Najpiękniejszym momentem w „pracy” naszych wolontariuszy, jest bez wątpienia moment spełnienia marzenia. Nie możemy się go doczekać, robiąc wszystko, co w naszej mocy, żeby nastąpił jak najszybciej. Sami jednak, bez ludzi dobrej woli i wielkich serc, nie moglibyśmy wiele, a przede wszystkim tak szybko zdziałać. Tym razem było podobnie. Realizacja marzenia Giovanniego, nie byłaby możliwa teraz, gdyby nie pani Ewa Matejak, która postanowiła podarować chłopcu jego wymarzony SMART TV i razem z nami wziąć udział w spełnieniu marzenia.

Wszystko odbywało się w wielkiej tajemnicy przed Giovannim. O tym, że zjawimy się w sobotni, kwietniowy poranek, wiedziała tylko Mama podopiecznego i jego Wujek, który miał pomóc nam w instalacji sprzętu. O naszej wizycie nie wiedziało nawet rodzeństwo chłopca. Kiedy weszliśmy do mieszkania, nasz Marzyciel był zaskoczony i nie bardzo zdawał sobie sprawę z tego, co się dzieje dopóki nie zobaczył ogromnego pudełka. Wtedy na twarzy Marzyciela zaczął pojawiać się uśmiech, co raz większy i większy. A kiedy w końcu wyciągnęliśmy z opakowania wielki telewizor, Giovanii nie mógł przestać się cieszyć i mówić: smart tv, mój smart tv.
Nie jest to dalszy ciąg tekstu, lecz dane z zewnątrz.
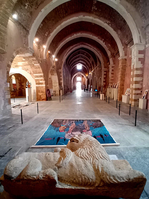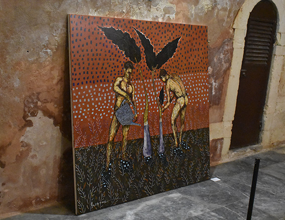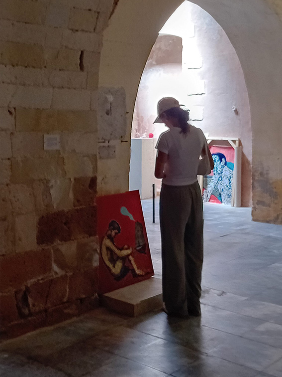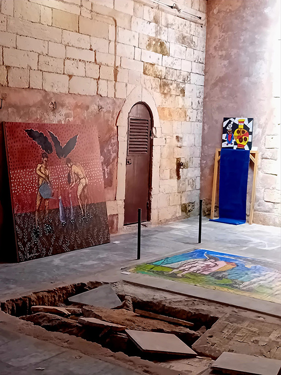 Μ. Δ.: H έκθεση αυτή είναι αποτέλεσμα μιας τιμητικής πρότασης από την Εφορεία Αρχαιοτήτων και συγκεκριμένα της Προϊσταμένης της Εφορείας Αρχαιοτήτων Χανίων Δρ. Ελένης Παπαδοπούλου προς το Μουσείο Σχολικής Ζωής Δήμου Χανίων για ένα επόμενο βήμα του καινοτόμου εγχειρήματος ΠΡΟΫΠΟΘΕΣΗ 2 που σχεδίασε και υλοποιεί από το 2023, με στόχο τον σεβασμό στην διαφορετικότητα και τη βιωματική άσκηση σε μια δυάδα μέσω της διεργασίας μιας εικαστικής έκθεσης σύγχρονης τέχνης. Σκοπός να συνειδητοποιήσουν οι συμμετέχοντες καλλιτέχνες, επιμελητές, οργανισμοί, αποδέκτες ότι η διαφορετικότητα δεν είναι απειλή για τη μεταγλώσσα των έργων τέχνης και για το νόημα του εκθεσιακού αφηγήματος, αλλά πλούτος και άσκηση όλων. Η έκθεση «ΜΝΗΜΗ ΕΣΤΙ…» των ζωγράφων Αλιβρούβα και Αστερίου προτείνει τη δυνατότητα πρόσληψης και απόκρισης της εικαστικής δημιουργίας αναδεικνύοντας τη μοναδικότητα του δημιουργικού διαλόγου ανάμεσα σε δύο καλλιτέχνες με διαφορετικό εικαστικό αποτύπωμα, σε δύο επιμελητές από διαφορετικά επιστημονικά πεδία, σε δύο οργανισμούς με διαφορετική λειτουργία, σε ένα μνημείο με πολλαπλές και κυρίαρχες μνημονικές εγγραφές. Το καθολικό της Μονής του Αγίου Φραγκίσκου εκτός της ιστορικότητας του στον χώρο και στον χρόνο, έχει εγγραφεί κυρίαρχα στις συνειδήσεις της κοινότητας ως ατμοσφαιρικός χώρος διαφύλαξης της πολιτιστικής κληρονομιάς, αφού φιλοξένησε για πολλά χρόνια τις συλλογές του Αρχαιολογικού Μουσείου Χανίων.

Drobnym dopełnieniem marzenia była jeszcze gra dla Giovanniego, by umilić mu czas, kiedy nie może swobodnie wychodzić na dwór i umożliwić mu wspólne granie z rodzeństwem. To już była pełnia szczęścia dla naszego Marzyciela, który natychmiast pokazał swojemu bratu, w co jeszcze dzisiaj będą się bawić. Zadzwonił też do siostry, która akurat nie mogła być o tej porze w domu, żeby jej powiedzieć, że dostał swój wymarzony SMART TV! Kiedy emocje trochę opadły, mogliśmy uroczyście odczytać Giovanniemu Dyplom Marzyciela, a zaraz potem, Giovanni jeszcze raz podziękował pani Ewie i przy naszej drobnej pomocy odczytał nawet Dyplom dla niej. W tym czasie telewizor został zaprogramowany przez Wujka Marzyciela, a Giovanniemu wręczony pilot. Chwila moment i Giovanni wraz z bratem i kuzynostwem, już oglądał na YouTube bajkę o małym i dużym kucharzu. Myślę, że wszystkim sprawiło ogromną radość patrzenie na Giovanniego, który cieszył się ze swojego SMART TV, szeroko się uśmiechał, że jego marzenie się spełniło. Nie było choroby, smutku i szarości, Giovanni w tym momencie po prostu promieniał ze szczęścia.

Zostawiliśmy naszego Marzyciela z jego najbliższymi, życząc mu samych miłych chwil i tego, by jego wszystkie marzenia się spełniały, jak to, w którego realizacji mogliśmy brać udział.

Jeszcze raz serdeczne podziękowania składamy pani Ewie Matejak, dzięki której zaangażowaniu, pomocy, obecności, a przede wszystkim dobremu sercu, uśmiech z twarzy Giovanniego nie znikał i spełniło się jego marzenie.